Segment Start: Given data

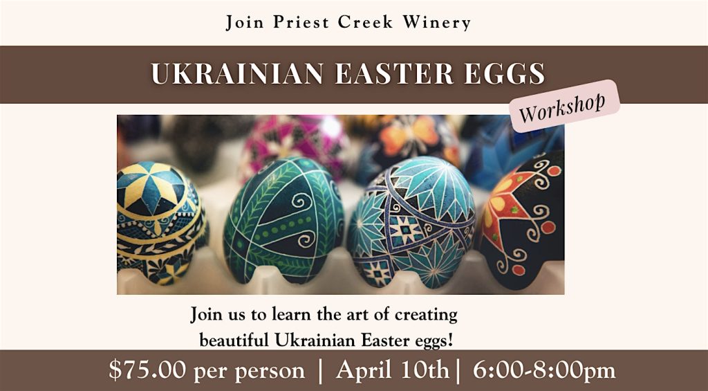 Join us in our cozy wine shop for a 2-hour Ukrainian Easter Egg (Pysanky) workshop led by Patty Presunka, a third-generation Ukrainian-Canadian, while enjoying Priest Creek wine! Please arrive between 5:30 – 6:00 pm for a wine tasting and the class will start at 6 pm.
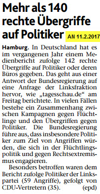 231 Straftaten bezogen auf etwa 65.000.000 Deutsche ohne Migrationshintergrund – andere Täter kommen ganz sicher nicht in Frage – macht 0,000355 % . Nun kommen die 1.000 Anschläge auf die Flüchtlingsheime noch hinzu. Da sind es dann 0,0019 % . Klar, ist schon erheblich. Zumal ein großer Teil der Anschläge aus Schmierereien, also Propaganda, besteht.
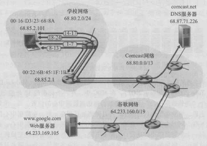 www.google.com。 - comcast为ISP。comcast.net为学校提供DNS服务,服务器在comcast网络中。
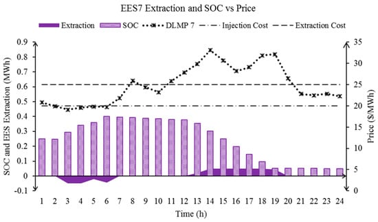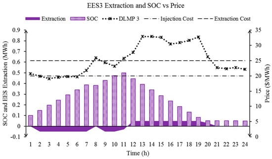 The charge/discharge schedules of the EES units are also dependent on the DLMPs of the buses on which they are located. This result is depicted in Figure 11 and Figure 12 for EES units at Buses 3 and 7 respectively. Here, the dotted graph with markers shows DLMPs and the horizontal lines show the cost of energy injection and extraction of the EES units. The bars and the height of the shaded area show SOC and the amount of energy extraction (charging when negative and discharging when positive) from the EES units respectively. In general, when DLMP is lower than the cost of injection of the EES unit, it is scheduled for charging. Similarly, when DLMP is higher than the cost of extraction, the unit is scheduled for discharging. The SOCs of the units also follow DLMPs, i.e., increase at lower and decrease at higher prices. Note that EES3 at Bus 3 is unable to completely charge until hour 8 since its initial SOC is 0.1 MWh, and the maximum charging rate is 0.05 MW. Furthermore, despite higher DLMPs than the injection cost, it is scheduled for charging during hours 9 to 11. This occurs because DLMPs are much higher later during hours 12 to 20 and it is efficient to charge the unit at slightly higher prices initially, and discharge it at much higher prices later on. This outcome, however, does not ensue in EES7 at Bus 7. This is because the initial SOC of this unit is 0.25 MWh and it is able to fully charge to its maximum limit of 0.4 MWh at lower prices from hours 2 to 7 and discharge during high DLMP from hours 13 to 20.
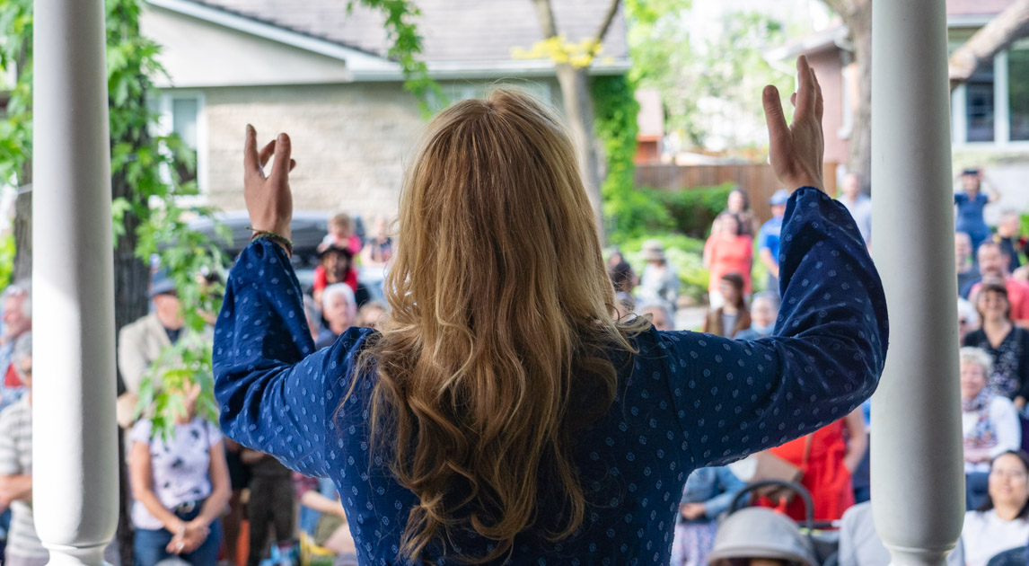 Chanteuse à la Chasse-Balcon 2023 à Ahuntsic-Cartierville. (Photo: François Robert-Durand, JDV)
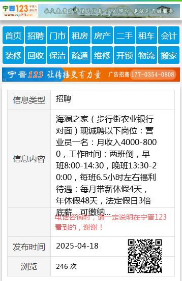 海澜之家(步行街农业银行对面)现诚聘以下岗位:营业员一名:月收入4000-8000,工作时间:两班倒,早班8:00-14:30,晚班13:30-20:00,每班6.5小时左右福利待遇:每月带薪休假4天,年休假48天,法定假日3倍底薪,可缴纳社保岗位要求:18-30周岁,初中及以上学历,形象端正,身体健康,语言表达能力好,态度积极。喻女士13045258778 |
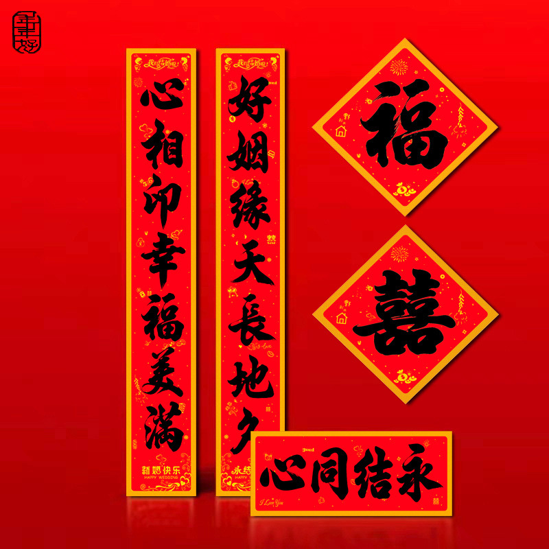 結婚式の対聯、結婚式用品、結婚式の装飾、新婦の出産、新郎の出産、田舎の門、新婚祝い、お祝いの対聯
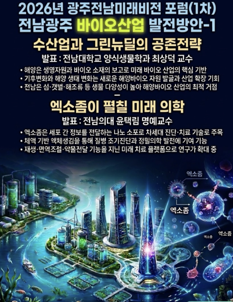 광주·전남 민간 싱크탱크 광주전남미래비전이 해양바이오 산업과 엑소좀 기반 차세대 의료기술을 주제로 지역 미래 성장 전략을 논의하는 정책 포럼을 연다.
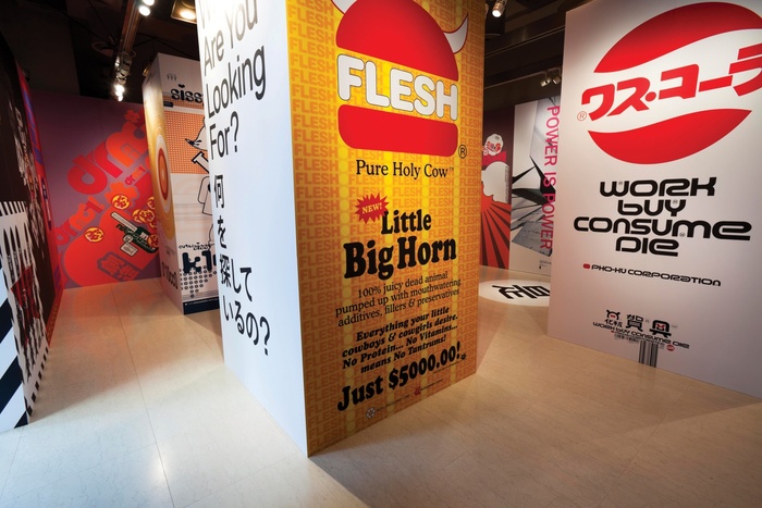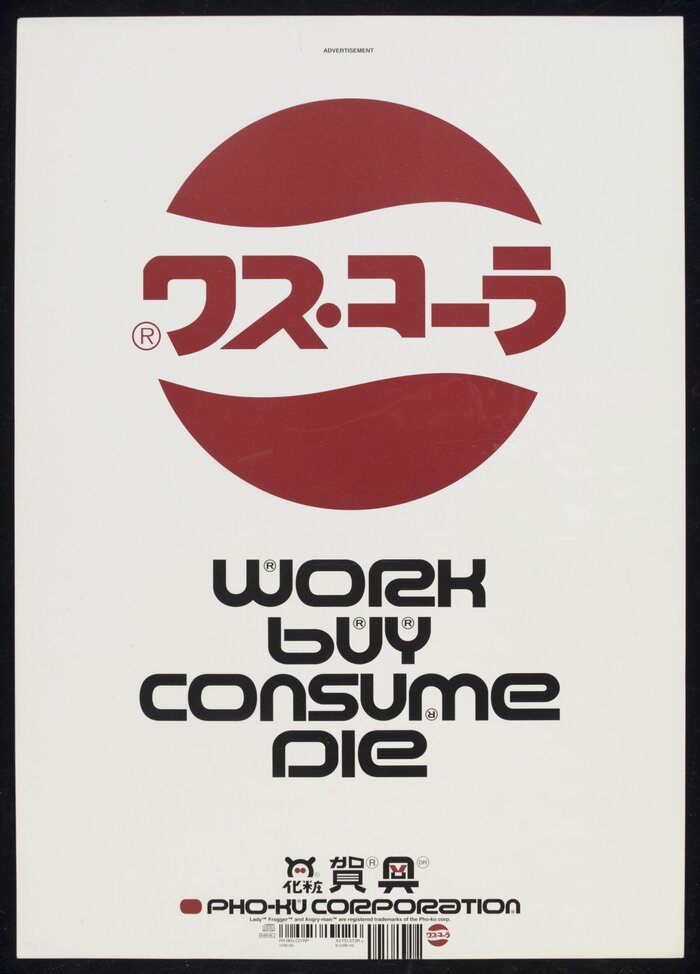 ‘Work Buy Consume Die’ is the slogan of the imaginary Pho Ku Corporation invented by The Designers Republic, a Sheffield based graphic design agency. Disenchanted with corporate driven consumerism in the 1990s, but acknowledging their role as a brand agency in the process, The Designers Republic devised an anti-corporate identity to counter the forces of global branding. The design is inspired by Japanese graphic design and also subverts the Pepsi Cola logo as a comment on the force of global branding.
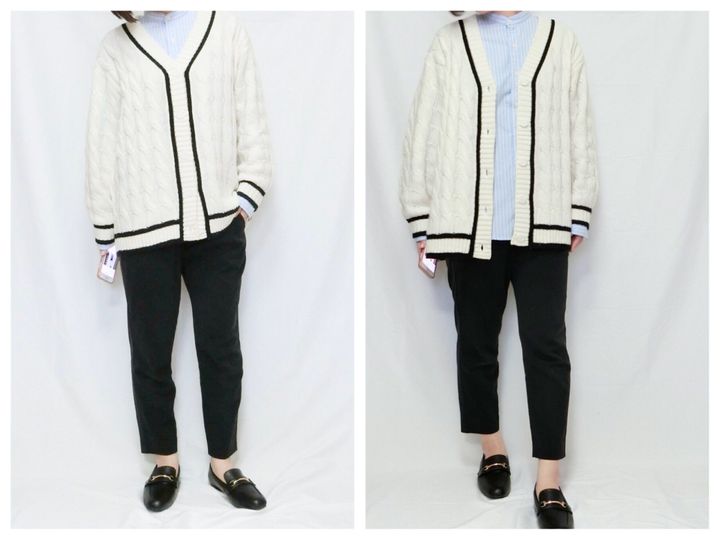 先ほどのコーディネートと全く同じ組み合わせですが、カーディガンのボタンを開けて羽織ればカジュアルな印象が強いコーディネートに変身します。
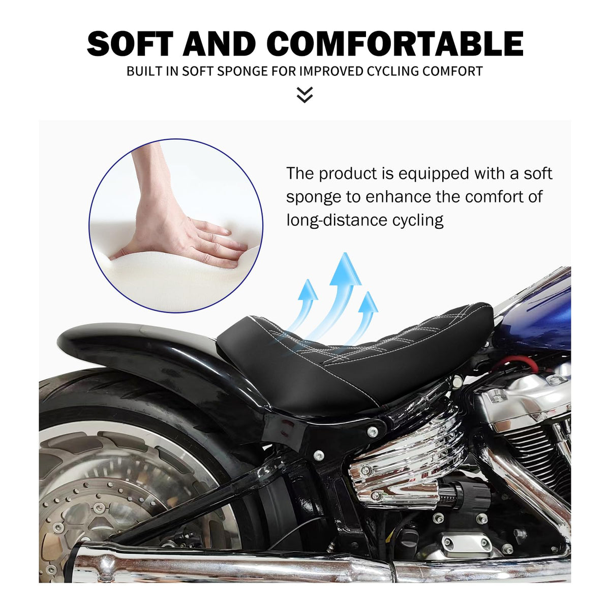 Hdbubalus Motorcycle Solo Seat Cushion Diamond Leather Seat Compatible With Harley Breakout Fatboy 2018-2023 (White Thread)
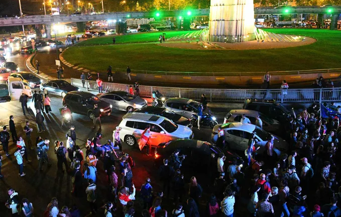 პარლამენტთან მიმდინარე აქციის მონაწილეები მსვლელობით გმირთა მოდენაზე მყოფ აქციის მონაწილეებს შეუერთდნენ. სრულად პარალიზებულია გმირთა მოედანი.

Segment End: Given data

■ **What the exercise asks**
Every entry above should be printed again exactly, except for the pictures.

■ **Solution to the exercise**
 Join us in our cozy wine shop for a 2-hour Ukrainian Easter Egg (Pysanky) workshop led by Patty Presunka, a third-generation Ukrainian-Canadian, while enjoying Priest Creek wine! Please arrive between 5:30 – 6:00 pm for a wine tasting and the class will start at 6 pm.
 231 Straftaten bezogen auf etwa 65.000.000 Deutsche ohne Migrationshintergrund – andere Täter kommen ganz sicher nicht in Frage – macht 0,000355 % . Nun kommen die 1.000 Anschläge auf die Flüchtlingsheime noch hinzu. Da sind es dann 0,0019 % . Klar, ist schon erheblich. Zumal ein großer Teil der Anschläge aus Schmierereien, also Propaganda, besteht.
 www.google.com。 - comcast为ISP。comcast.net为学校提供DNS服务,服务器在comcast网络中。
 The charge/discharge schedules of the EES units are also dependent on the DLMPs of the buses on which they are located. This result is depicted in Figure 11 and Figure 12 for EES units at Buses 3 and 7 respectively. Here, the dotted graph with markers shows DLMPs and the horizontal lines show the cost of energy injection and extraction of the EES units. The bars and the height of the shaded area show SOC and the amount of energy extraction (charging when negative and discharging when positive) from the EES units respectively. In general, when DLMP is lower than the cost of injection of the EES unit, it is scheduled for charging. Similarly, when DLMP is higher than the cost of extraction, the unit is scheduled for discharging. The SOCs of the units also follow DLMPs, i.e., increase at lower and decrease at higher prices. Note that EES3 at Bus 3 is unable to completely charge until hour 8 since its initial SOC is 0.1 MWh, and the maximum charging rate is 0.05 MW. Furthermore, despite higher DLMPs than the injection cost, it is scheduled for charging during hours 9 to 11. This occurs because DLMPs are much higher later during hours 12 to 20 and it is efficient to charge the unit at slightly higher prices initially, and discharge it at much higher prices later on. This outcome, however, does not ensue in EES7 at Bus 7. This is because the initial SOC of this unit is 0.25 MWh and it is able to fully charge to its maximum limit of 0.4 MWh at lower prices from hours 2 to 7 and discharge during high DLMP from hours 13 to 20.
 Chanteuse à la Chasse-Balcon 2023 à Ahuntsic-Cartierville. (Photo: François Robert-Durand, JDV)
 海澜之家(步行街农业银行对面)现诚聘以下岗位:营业员一名:月收入4000-8000,工作时间:两班倒,早班8:00-14:30,晚班13:30-20:00,每班6.5小时左右福利待遇:每月带薪休假4天,年休假48天,法定假日3倍底薪,可缴纳社保岗位要求:18-30周岁,初中及以上学历,形象端正,身体健康,语言表达能力好,态度积极。喻女士13045258778 |
 結婚式の対聯、結婚式用品、結婚式の装飾、新婦の出産、新郎の出産、田舎の門、新婚祝い、お祝いの対聯
 광주·전남 민간 싱크탱크 광주전남미래비전이 해양바이오 산업과 엑소좀 기반 차세대 의료기술을 주제로 지역 미래 성장 전략을 논의하는 정책 포럼을 연다.
 ‘Work Buy Consume Die’ is the slogan of the imaginary Pho Ku Corporation invented by The Designers Republic, a Sheffield based graphic design agency. Disenchanted with corporate driven consumerism in the 1990s, but acknowledging their role as a brand agency in the process, The Designers Republic devised an anti-corporate identity to counter the forces of global branding. The design is inspired by Japanese graphic design and also subverts the Pepsi Cola logo as a comment on the force of global branding.
 先ほどのコーディネートと全く同じ組み合わせですが、カーディガンのボタンを開けて羽織ればカジュアルな印象が強いコーディネートに変身します。
 Hdbubalus Motorcycle Solo Seat Cushion Diamond Leather Seat Compatible With Harley Breakout Fatboy 2018-2023 (White Thread)
 პარლამენტთან მიმდინარე აქციის მონაწილეები მსვლელობით გმირთა მოდენაზე მყოფ აქციის მონაწილეებს შეუერთდნენ. სრულად პარალიზებულია გმირთა მოედანი.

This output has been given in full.